- [Requirement]
Copy nothing but the lines below running from the line containing "La ergonomía es" through the line containing "Квест-книга игра новогодняя", both end lines included.

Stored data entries

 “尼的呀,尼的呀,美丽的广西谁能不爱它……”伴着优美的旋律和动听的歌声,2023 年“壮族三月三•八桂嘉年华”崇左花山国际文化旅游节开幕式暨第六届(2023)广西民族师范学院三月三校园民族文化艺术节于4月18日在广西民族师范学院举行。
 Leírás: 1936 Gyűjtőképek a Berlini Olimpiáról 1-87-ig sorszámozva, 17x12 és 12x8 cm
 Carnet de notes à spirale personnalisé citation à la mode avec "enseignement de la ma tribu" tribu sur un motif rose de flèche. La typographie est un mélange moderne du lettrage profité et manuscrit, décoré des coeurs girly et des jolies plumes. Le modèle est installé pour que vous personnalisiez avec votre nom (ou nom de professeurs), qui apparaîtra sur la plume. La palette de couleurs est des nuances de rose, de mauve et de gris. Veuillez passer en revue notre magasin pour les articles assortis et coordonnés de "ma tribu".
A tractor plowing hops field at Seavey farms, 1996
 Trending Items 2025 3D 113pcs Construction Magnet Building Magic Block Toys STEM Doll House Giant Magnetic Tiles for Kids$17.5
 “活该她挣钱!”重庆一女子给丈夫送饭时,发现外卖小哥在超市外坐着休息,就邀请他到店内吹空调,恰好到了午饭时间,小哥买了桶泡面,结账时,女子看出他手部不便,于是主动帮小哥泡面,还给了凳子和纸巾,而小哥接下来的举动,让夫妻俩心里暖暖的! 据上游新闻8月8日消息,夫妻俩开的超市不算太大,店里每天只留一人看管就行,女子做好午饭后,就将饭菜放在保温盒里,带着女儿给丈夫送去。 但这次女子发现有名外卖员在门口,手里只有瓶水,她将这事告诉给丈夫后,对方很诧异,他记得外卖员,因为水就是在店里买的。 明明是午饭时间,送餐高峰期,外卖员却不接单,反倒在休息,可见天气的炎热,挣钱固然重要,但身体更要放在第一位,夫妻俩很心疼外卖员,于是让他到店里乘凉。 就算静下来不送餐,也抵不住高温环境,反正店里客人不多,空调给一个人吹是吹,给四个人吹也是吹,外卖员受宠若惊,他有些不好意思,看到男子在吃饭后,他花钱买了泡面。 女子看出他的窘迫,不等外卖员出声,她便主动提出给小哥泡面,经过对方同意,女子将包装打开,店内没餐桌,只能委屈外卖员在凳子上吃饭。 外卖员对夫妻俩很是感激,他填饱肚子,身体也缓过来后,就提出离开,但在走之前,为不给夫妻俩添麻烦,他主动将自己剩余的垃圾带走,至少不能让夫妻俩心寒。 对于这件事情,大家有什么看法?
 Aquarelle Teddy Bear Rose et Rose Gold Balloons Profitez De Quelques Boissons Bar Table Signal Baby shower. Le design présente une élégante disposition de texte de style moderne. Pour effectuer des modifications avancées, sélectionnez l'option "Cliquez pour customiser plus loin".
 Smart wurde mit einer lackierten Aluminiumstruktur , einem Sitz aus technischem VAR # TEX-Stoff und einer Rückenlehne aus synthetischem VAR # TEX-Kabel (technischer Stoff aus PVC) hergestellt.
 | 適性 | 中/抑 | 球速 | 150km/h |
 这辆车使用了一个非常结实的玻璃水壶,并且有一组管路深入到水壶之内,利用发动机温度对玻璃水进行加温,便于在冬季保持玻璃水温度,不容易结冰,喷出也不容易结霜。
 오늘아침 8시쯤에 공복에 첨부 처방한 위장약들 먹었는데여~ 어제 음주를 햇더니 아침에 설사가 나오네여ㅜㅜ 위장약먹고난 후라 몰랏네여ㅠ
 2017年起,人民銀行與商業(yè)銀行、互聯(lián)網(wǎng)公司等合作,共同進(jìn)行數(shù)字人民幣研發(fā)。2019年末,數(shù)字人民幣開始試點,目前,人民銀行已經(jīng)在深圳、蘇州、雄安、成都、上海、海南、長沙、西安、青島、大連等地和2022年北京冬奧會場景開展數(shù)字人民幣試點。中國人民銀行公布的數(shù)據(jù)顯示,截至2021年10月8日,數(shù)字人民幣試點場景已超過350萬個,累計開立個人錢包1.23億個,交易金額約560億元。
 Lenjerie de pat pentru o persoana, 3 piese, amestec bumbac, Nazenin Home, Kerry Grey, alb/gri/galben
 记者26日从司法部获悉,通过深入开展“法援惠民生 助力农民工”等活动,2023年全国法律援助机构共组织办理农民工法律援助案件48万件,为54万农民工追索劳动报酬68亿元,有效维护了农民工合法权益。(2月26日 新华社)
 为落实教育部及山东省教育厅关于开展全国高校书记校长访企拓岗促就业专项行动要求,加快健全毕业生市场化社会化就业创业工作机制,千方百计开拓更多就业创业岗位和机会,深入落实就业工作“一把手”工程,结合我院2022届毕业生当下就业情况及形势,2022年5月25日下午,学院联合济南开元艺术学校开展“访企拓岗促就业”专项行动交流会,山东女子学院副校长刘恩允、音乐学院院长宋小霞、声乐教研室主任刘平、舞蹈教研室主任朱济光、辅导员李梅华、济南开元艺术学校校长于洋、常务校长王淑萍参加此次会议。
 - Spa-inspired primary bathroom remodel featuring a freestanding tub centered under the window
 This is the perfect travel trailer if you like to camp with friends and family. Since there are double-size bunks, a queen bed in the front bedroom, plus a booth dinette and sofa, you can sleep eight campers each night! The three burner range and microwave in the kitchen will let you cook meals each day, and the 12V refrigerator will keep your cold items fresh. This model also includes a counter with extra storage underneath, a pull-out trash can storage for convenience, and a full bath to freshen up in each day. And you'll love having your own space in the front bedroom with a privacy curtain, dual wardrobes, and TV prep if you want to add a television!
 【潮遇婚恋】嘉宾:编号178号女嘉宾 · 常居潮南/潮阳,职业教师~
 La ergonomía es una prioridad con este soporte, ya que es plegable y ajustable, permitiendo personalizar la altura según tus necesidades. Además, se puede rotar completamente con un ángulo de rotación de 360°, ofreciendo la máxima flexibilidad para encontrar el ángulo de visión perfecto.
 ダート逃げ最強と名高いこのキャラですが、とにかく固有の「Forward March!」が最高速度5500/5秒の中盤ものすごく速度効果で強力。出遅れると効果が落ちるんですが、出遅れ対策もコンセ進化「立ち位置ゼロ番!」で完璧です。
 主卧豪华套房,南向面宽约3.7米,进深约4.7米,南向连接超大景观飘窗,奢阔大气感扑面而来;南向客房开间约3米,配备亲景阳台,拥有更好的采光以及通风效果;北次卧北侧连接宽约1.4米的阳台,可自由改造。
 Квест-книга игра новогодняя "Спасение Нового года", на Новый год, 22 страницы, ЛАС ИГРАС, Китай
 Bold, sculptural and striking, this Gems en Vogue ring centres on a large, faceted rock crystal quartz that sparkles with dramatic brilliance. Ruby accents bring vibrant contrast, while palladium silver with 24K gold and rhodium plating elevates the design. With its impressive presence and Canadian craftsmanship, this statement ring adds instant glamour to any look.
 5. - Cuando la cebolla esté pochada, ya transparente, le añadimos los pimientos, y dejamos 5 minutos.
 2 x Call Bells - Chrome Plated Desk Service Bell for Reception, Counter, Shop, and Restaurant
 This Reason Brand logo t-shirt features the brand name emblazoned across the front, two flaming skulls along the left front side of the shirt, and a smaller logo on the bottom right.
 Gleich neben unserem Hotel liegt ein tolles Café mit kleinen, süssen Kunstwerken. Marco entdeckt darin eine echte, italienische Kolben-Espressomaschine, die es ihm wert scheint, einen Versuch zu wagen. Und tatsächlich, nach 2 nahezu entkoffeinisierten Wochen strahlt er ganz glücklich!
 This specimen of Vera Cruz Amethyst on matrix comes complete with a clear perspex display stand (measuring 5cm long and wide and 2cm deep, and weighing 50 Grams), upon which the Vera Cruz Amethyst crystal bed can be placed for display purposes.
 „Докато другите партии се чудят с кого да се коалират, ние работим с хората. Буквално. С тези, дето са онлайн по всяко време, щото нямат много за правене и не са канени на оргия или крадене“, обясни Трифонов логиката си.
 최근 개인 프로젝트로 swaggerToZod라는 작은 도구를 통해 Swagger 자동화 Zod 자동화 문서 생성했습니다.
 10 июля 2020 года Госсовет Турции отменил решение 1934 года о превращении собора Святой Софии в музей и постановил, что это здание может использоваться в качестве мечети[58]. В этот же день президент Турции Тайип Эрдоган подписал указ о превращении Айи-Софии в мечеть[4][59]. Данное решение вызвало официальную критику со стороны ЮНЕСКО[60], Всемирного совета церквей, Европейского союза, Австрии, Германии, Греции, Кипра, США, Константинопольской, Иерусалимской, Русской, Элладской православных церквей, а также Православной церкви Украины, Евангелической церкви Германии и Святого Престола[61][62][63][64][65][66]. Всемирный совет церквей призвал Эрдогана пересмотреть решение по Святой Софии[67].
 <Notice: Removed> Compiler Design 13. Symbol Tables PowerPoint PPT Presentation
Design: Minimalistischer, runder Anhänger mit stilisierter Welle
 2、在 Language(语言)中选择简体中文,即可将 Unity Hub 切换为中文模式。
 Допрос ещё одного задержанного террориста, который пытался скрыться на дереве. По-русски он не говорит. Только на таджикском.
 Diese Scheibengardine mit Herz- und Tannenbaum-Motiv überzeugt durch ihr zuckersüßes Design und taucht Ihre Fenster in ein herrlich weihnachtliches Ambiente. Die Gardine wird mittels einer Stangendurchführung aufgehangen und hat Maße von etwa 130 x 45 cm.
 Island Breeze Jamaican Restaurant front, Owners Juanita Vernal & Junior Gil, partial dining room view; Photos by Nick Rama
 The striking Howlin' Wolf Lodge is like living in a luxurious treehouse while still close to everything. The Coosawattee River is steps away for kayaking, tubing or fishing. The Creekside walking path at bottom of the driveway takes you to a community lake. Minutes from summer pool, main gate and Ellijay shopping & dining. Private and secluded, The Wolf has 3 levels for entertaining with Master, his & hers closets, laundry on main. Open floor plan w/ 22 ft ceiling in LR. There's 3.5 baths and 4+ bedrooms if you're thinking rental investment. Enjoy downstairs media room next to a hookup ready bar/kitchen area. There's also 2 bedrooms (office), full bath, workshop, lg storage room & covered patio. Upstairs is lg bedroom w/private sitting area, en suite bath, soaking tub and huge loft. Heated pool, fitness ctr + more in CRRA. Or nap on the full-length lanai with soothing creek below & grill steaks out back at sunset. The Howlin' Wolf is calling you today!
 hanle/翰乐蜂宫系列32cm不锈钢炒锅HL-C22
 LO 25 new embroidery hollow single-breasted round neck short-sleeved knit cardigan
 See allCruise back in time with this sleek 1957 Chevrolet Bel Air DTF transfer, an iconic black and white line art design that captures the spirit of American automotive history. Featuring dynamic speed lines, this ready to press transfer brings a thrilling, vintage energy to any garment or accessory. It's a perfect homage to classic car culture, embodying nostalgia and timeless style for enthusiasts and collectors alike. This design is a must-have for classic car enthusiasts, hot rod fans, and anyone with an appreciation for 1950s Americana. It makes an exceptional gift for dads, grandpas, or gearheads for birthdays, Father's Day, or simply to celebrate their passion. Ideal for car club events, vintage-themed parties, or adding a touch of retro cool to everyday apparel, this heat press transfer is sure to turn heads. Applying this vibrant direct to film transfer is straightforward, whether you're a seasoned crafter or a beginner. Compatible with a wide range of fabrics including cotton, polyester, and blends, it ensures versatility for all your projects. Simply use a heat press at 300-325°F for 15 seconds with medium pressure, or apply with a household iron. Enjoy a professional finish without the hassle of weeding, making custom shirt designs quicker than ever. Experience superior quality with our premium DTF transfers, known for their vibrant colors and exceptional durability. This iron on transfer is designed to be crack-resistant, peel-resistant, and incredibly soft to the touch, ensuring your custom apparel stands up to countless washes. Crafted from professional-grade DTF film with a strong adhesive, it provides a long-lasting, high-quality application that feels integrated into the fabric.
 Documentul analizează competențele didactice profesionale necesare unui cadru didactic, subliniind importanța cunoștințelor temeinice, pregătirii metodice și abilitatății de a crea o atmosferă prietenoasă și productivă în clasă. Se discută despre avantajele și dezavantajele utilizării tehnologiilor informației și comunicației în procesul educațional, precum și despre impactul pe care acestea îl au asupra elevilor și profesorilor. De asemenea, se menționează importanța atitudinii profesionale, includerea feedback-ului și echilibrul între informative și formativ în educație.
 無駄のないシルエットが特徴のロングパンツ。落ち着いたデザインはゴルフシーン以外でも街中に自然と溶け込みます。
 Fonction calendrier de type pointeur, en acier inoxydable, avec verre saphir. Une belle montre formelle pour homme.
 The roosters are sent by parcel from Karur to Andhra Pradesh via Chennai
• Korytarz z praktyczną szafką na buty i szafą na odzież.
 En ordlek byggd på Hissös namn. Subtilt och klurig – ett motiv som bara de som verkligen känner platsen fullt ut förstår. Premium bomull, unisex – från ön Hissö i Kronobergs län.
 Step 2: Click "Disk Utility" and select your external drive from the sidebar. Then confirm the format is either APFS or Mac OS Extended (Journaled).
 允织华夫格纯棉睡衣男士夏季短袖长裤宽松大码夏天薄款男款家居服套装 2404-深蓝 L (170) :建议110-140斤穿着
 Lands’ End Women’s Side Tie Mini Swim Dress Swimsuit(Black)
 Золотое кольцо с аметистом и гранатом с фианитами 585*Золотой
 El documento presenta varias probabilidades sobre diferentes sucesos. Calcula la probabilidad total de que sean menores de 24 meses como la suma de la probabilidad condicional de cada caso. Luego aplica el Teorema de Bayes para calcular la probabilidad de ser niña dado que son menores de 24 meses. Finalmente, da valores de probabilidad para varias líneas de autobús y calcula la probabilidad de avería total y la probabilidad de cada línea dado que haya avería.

- [Output for this exercise]
 La ergonomía es una prioridad con este soporte, ya que es plegable y ajustable, permitiendo personalizar la altura según tus necesidades. Además, se puede rotar completamente con un ángulo de rotación de 360°, ofreciendo la máxima flexibilidad para encontrar el ángulo de visión perfecto.
 ダート逃げ最強と名高いこのキャラですが、とにかく固有の「Forward March!」が最高速度5500/5秒の中盤ものすごく速度効果で強力。出遅れると効果が落ちるんですが、出遅れ対策もコンセ進化「立ち位置ゼロ番!」で完璧です。
 主卧豪华套房,南向面宽约3.7米,进深约4.7米,南向连接超大景观飘窗,奢阔大气感扑面而来;南向客房开间约3米,配备亲景阳台,拥有更好的采光以及通风效果;北次卧北侧连接宽约1.4米的阳台,可自由改造。
 Квест-книга игра новогодняя "Спасение Нового года", на Новый год, 22 страницы, ЛАС ИГРАС, Китай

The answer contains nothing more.